Work instruction -
If an entry holds a picture, drop the picture but restate the entry word for word.

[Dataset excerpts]
================

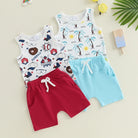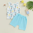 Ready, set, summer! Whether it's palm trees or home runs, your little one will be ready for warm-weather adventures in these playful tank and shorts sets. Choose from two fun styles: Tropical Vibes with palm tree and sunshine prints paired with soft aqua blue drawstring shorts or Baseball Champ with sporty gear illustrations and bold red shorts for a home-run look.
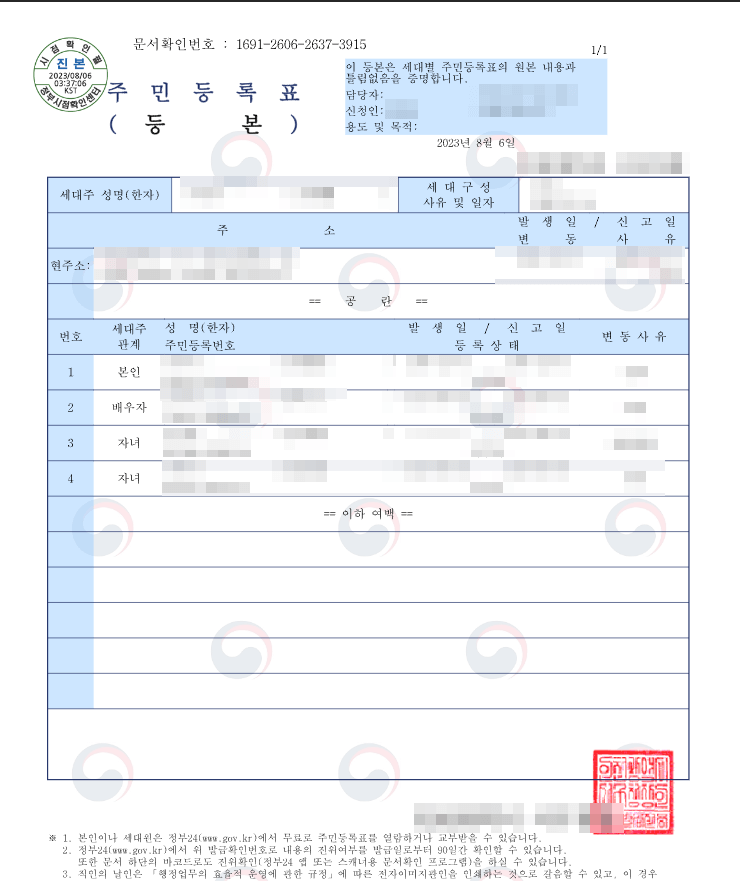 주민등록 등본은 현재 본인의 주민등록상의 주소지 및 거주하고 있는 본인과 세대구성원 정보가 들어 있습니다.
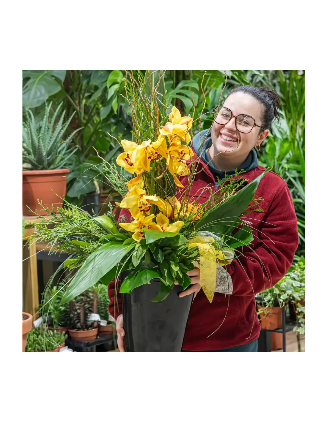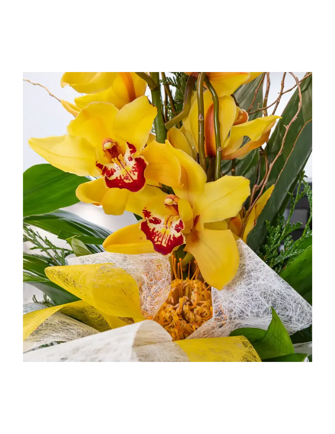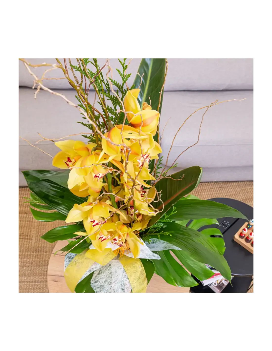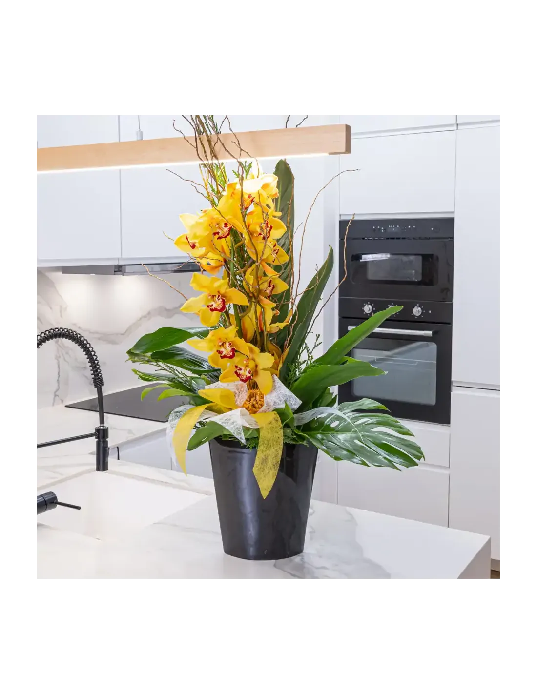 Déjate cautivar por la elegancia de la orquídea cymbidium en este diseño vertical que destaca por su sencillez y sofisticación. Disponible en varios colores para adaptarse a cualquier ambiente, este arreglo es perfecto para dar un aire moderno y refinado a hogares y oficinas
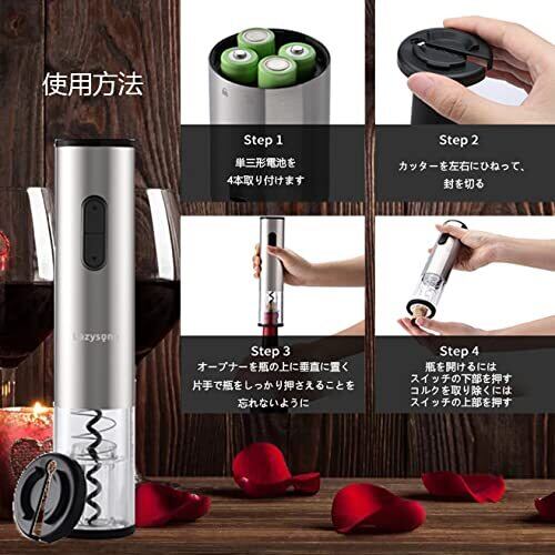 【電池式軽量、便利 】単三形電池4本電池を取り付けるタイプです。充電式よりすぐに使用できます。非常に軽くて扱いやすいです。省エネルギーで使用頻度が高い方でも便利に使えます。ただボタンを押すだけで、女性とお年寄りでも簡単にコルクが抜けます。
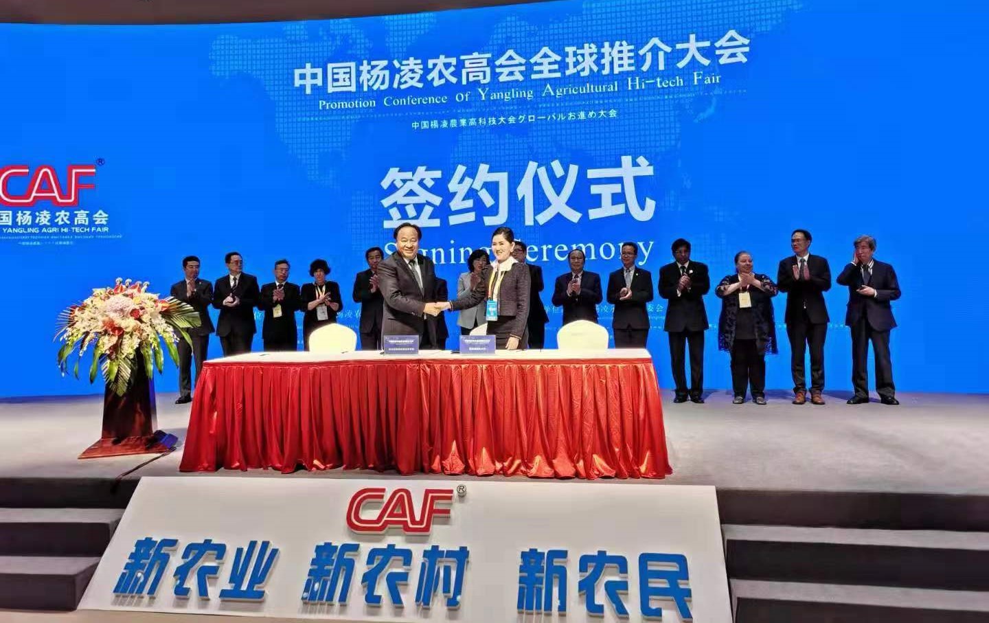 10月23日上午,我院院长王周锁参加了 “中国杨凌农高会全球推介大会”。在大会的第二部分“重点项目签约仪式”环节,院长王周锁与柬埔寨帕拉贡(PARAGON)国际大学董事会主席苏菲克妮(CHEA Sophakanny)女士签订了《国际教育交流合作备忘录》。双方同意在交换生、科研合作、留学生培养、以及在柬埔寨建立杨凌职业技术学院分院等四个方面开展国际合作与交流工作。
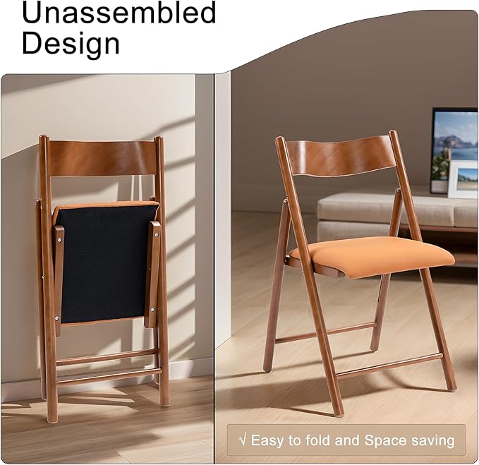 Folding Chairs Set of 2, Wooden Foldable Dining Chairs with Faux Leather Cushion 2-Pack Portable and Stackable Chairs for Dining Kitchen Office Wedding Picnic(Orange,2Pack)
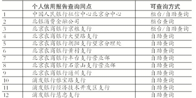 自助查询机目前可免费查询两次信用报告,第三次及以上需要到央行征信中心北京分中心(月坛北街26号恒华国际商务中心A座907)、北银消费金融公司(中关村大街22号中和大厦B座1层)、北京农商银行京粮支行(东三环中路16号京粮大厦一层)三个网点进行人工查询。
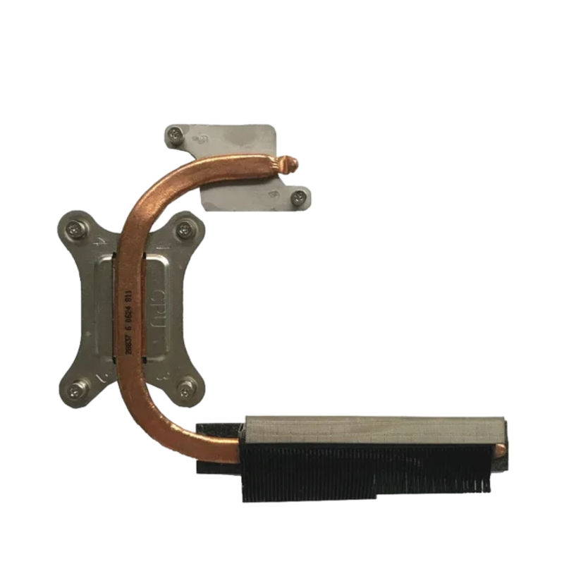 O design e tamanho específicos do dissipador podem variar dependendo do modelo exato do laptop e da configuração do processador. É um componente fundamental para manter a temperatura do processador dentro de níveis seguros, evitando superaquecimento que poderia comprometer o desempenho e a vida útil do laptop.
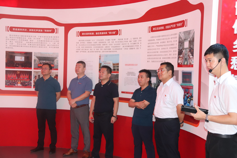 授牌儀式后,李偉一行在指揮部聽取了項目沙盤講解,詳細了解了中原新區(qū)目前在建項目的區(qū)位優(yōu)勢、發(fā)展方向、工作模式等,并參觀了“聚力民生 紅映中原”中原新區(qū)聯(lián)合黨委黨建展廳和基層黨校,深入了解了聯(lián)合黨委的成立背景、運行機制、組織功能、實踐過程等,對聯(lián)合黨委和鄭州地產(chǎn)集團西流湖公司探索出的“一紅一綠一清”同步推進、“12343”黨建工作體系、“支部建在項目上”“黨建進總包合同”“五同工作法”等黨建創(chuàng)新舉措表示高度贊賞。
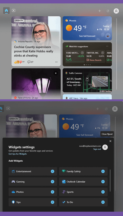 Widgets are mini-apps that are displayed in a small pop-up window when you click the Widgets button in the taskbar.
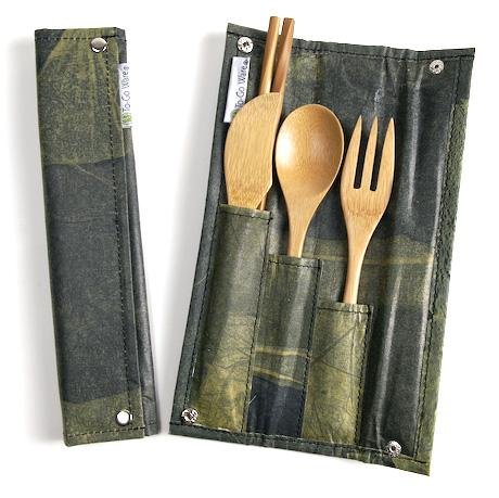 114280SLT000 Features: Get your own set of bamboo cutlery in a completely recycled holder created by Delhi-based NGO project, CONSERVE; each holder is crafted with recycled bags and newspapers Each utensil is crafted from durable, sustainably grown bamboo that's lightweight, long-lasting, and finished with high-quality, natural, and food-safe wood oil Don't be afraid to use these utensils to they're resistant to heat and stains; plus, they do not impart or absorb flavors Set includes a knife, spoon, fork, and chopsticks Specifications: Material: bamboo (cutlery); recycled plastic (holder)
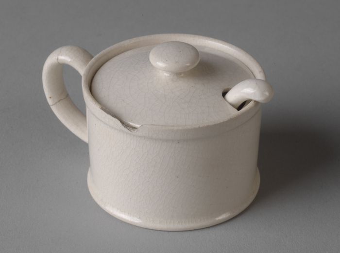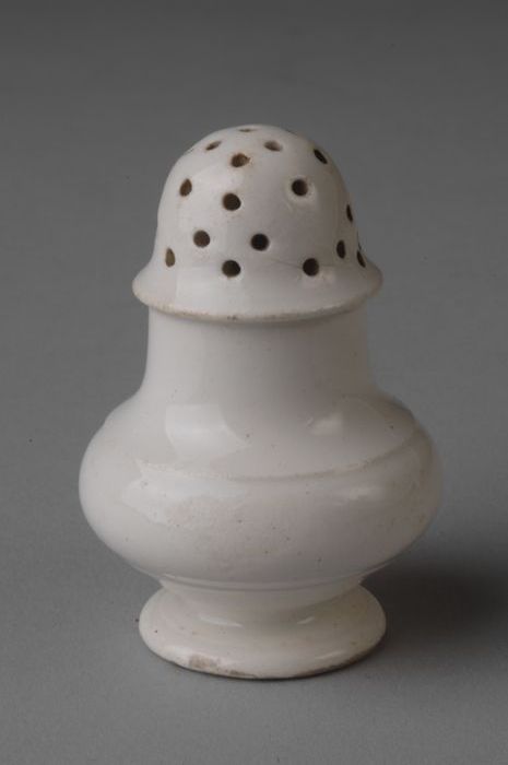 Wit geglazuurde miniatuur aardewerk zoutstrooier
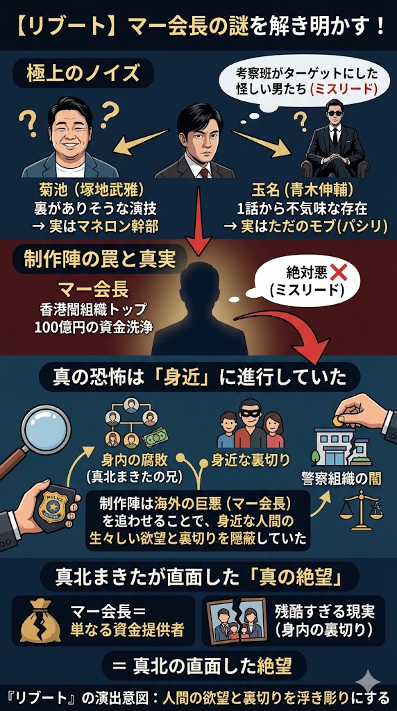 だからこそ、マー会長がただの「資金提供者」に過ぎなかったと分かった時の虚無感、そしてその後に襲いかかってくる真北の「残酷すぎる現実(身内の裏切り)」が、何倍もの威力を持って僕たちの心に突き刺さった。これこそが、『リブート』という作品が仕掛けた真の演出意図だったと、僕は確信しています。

================

Solution to the exercise -
 Ready, set, summer! Whether it's palm trees or home runs, your little one will be ready for warm-weather adventures in these playful tank and shorts sets. Choose from two fun styles: Tropical Vibes with palm tree and sunshine prints paired with soft aqua blue drawstring shorts or Baseball Champ with sporty gear illustrations and bold red shorts for a home-run look.
 주민등록 등본은 현재 본인의 주민등록상의 주소지 및 거주하고 있는 본인과 세대구성원 정보가 들어 있습니다.
 Déjate cautivar por la elegancia de la orquídea cymbidium en este diseño vertical que destaca por su sencillez y sofisticación. Disponible en varios colores para adaptarse a cualquier ambiente, este arreglo es perfecto para dar un aire moderno y refinado a hogares y oficinas
 【電池式軽量、便利 】単三形電池4本電池を取り付けるタイプです。充電式よりすぐに使用できます。非常に軽くて扱いやすいです。省エネルギーで使用頻度が高い方でも便利に使えます。ただボタンを押すだけで、女性とお年寄りでも簡単にコルクが抜けます。
 10月23日上午,我院院长王周锁参加了 “中国杨凌农高会全球推介大会”。在大会的第二部分“重点项目签约仪式”环节,院长王周锁与柬埔寨帕拉贡(PARAGON)国际大学董事会主席苏菲克妮(CHEA Sophakanny)女士签订了《国际教育交流合作备忘录》。双方同意在交换生、科研合作、留学生培养、以及在柬埔寨建立杨凌职业技术学院分院等四个方面开展国际合作与交流工作。
 Folding Chairs Set of 2, Wooden Foldable Dining Chairs with Faux Leather Cushion 2-Pack Portable and Stackable Chairs for Dining Kitchen Office Wedding Picnic(Orange,2Pack)
 自助查询机目前可免费查询两次信用报告,第三次及以上需要到央行征信中心北京分中心(月坛北街26号恒华国际商务中心A座907)、北银消费金融公司(中关村大街22号中和大厦B座1层)、北京农商银行京粮支行(东三环中路16号京粮大厦一层)三个网点进行人工查询。
 O design e tamanho específicos do dissipador podem variar dependendo do modelo exato do laptop e da configuração do processador. É um componente fundamental para manter a temperatura do processador dentro de níveis seguros, evitando superaquecimento que poderia comprometer o desempenho e a vida útil do laptop.
 授牌儀式后,李偉一行在指揮部聽取了項目沙盤講解,詳細了解了中原新區(qū)目前在建項目的區(qū)位優(yōu)勢、發(fā)展方向、工作模式等,并參觀了“聚力民生 紅映中原”中原新區(qū)聯(lián)合黨委黨建展廳和基層黨校,深入了解了聯(lián)合黨委的成立背景、運行機制、組織功能、實踐過程等,對聯(lián)合黨委和鄭州地產(chǎn)集團西流湖公司探索出的“一紅一綠一清”同步推進、“12343”黨建工作體系、“支部建在項目上”“黨建進總包合同”“五同工作法”等黨建創(chuàng)新舉措表示高度贊賞。
 Widgets are mini-apps that are displayed in a small pop-up window when you click the Widgets button in the taskbar.
 114280SLT000 Features: Get your own set of bamboo cutlery in a completely recycled holder created by Delhi-based NGO project, CONSERVE; each holder is crafted with recycled bags and newspapers Each utensil is crafted from durable, sustainably grown bamboo that's lightweight, long-lasting, and finished with high-quality, natural, and food-safe wood oil Don't be afraid to use these utensils to they're resistant to heat and stains; plus, they do not impart or absorb flavors Set includes a knife, spoon, fork, and chopsticks Specifications: Material: bamboo (cutlery); recycled plastic (holder)
 Wit geglazuurde miniatuur aardewerk zoutstrooier
 だからこそ、マー会長がただの「資金提供者」に過ぎなかったと分かった時の虚無感、そしてその後に襲いかかってくる真北の「残酷すぎる現実(身内の裏切り)」が、何倍もの威力を持って僕たちの心に突き刺さった。これこそが、『リブート』という作品が仕掛けた真の演出意図だったと、僕は確信しています。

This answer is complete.